BCPは「復旧手順の有無」ではなく、停止・縮退・復旧の判断ができるかが実務の核心です。
Azure環境では、構成だけでなく運用・体制・証跡まで含めて整合させます。

  • 停止・縮退・復旧の判断軸(業務優先順位)を整理

  • RTO/RPOを“目標”で終わらせず、設計・運用・テストと整合させる

  • 障害・災害時の意思決定フロー(誰が判断し、誰に報告するか)を定義

  • 取引先・監査向けに、復旧可能性の説明資料骨子を用意する

 

バックアップ設計|

「対象・保持・復旧・証跡」をセットで

1)対象の定義(守るものを先に決める)

  • データ/設定/ID/ログのうち、どこまでをバックアップ対象とするか整理

  • “復旧に必要な依存関係”を含めて洗い出し(例:名前解決、権限、証明書、監視など)

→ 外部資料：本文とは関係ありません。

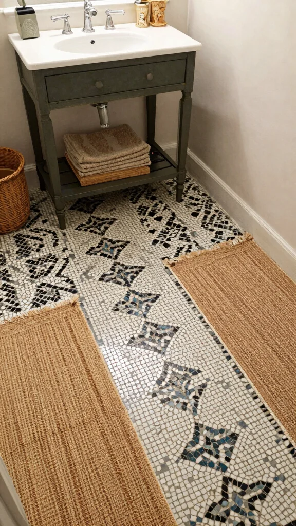 Fun fact: vanity ideas bathroom trends show that pairing mosaic tiles with warm wood floors can boost perceived warmth by up to 25%. Add a coordinating area rug, and your vanity will feel instantly cohesive and inviting.
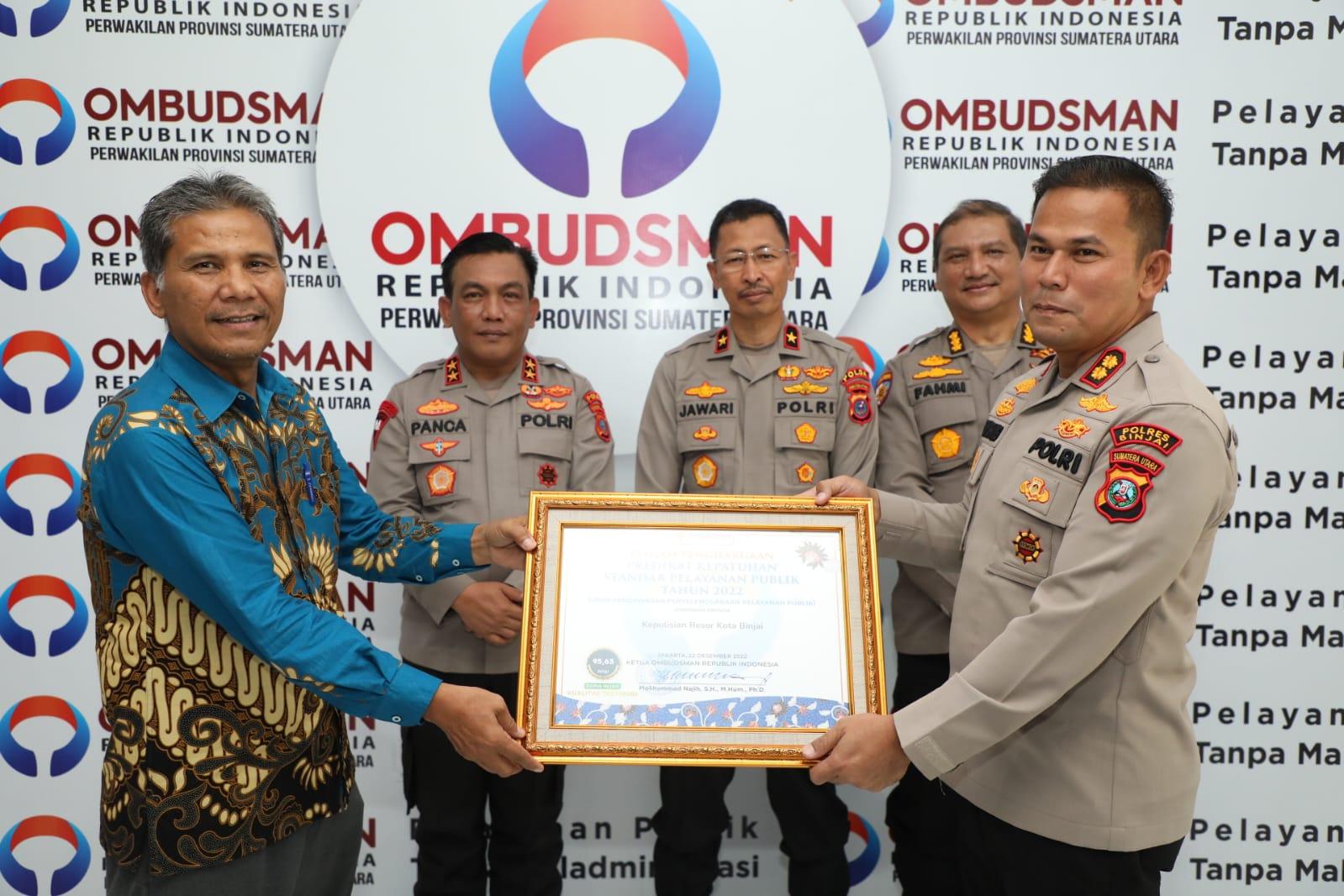 Kapolres Binjai di Kantor Ombudsman RI Perwakilan Provinsi Sumut pada acara Penganugrahan hasil survei kepatuhan Ombudsman RI tersebut Kapolda Sumut Irjen Pol Panca Putra Simanjuntak mengatakan bahwa memberikan pelayanan publik yang prima kepada masyarakat merupakan suatu keharusan bagi Polri sebagai penyelenggara layanan publik.
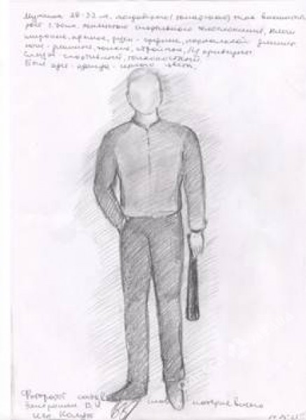 Фоторобот 1-го преступника. Приметы: на вид 30-35 лет, внешне похож на болгарина или молдаванина, рост 175-180 см, плотного спортивно-атлетического телосложения. Был одет в черную спортивную куртку, черные брюки.

  • 重要度(業務×影響)で優先順位を付け、過不足をなくす

 

2)保管・保持(改ざん耐性とアクセス統制)

  • 保持期間は規程だけでなく、**発覚遅延(気づくまでの時間)**を前提に設計

  • 改ざん耐性は“外部攻撃者”だけでなく、運用者からも守る前提で考える

  • バックアップの閲覧・削除・復旧操作の権限を統制し、証跡を残す

  • 有事の「凍結・抽出・提出」について、責任者と承認ルートの骨子を決める

 

3)復旧(戻せることを証明する)

  • 復旧手順の実効性(机上ではなく、実際に戻せるか)を確認

  • 定期リストアテストの位置づけ(BCP・監査への接続)を明確化

  • 復旧作業の証跡(誰が、いつ、何を戻したか)を残せる運用にする

 

ランサム/重大障害の観点|保全と復旧の衝突を設計で回避

重大インシデントでは、「早く戻す」ことと「証拠を守る」ことが衝突します。
差がつくのは技術より **“説明責任の設計”**です。

  • 初動の優先順位(止血・影響範囲・証拠保全)を骨子化

  • ログ保全・凍結の責任者と承認ルートを事前定義(緊急時例外含む)

  • 復旧判断(いつ戻すか、何を優先するか)を説明できる形に整理

  • 対外説明(経営・取引先・監査)用の「1枚資料」の型を準備

 

成果物(納品物)

「相談したら何が手元に残るか」を明確にします。

  • BCP/DR整理メモ(RTO/RPO、判断軸、体制、依存関係)

  • バックアップ設計メモ(対象・保持・改ざん耐性・権限統制・復旧証跡)

  • 復旧テスト計画(骨子)(頻度、範囲、合否基準、証跡)

  • 監査・説明用の1枚資料(復旧可能性を言い切るための説明軸)

  • 責任分界表(RACI)(誰が実行し、誰が承認し、誰が説明するか)

 

初回ヒアリングの進め方(30〜60分)

初回は、いきなり対策提案をする場ではありません。
現状のバックアップ対象・保持・復旧手順・権限統制・テスト状況を前提に、詰まりポイントを最大3点に絞ります。
監査・事故対応の観点から優先順位を合意し、BCP/DR整理メモ/バックアップ設計メモ/説明資料の必要範囲を確定します。
資料が揃っていなくても開始できます。NDA・オンライン対応可。

 

よくある質問(FAQ)

Q1. RTO/RPOは決めていますが、「根拠」を説明できません。何から手を付けるべきですか?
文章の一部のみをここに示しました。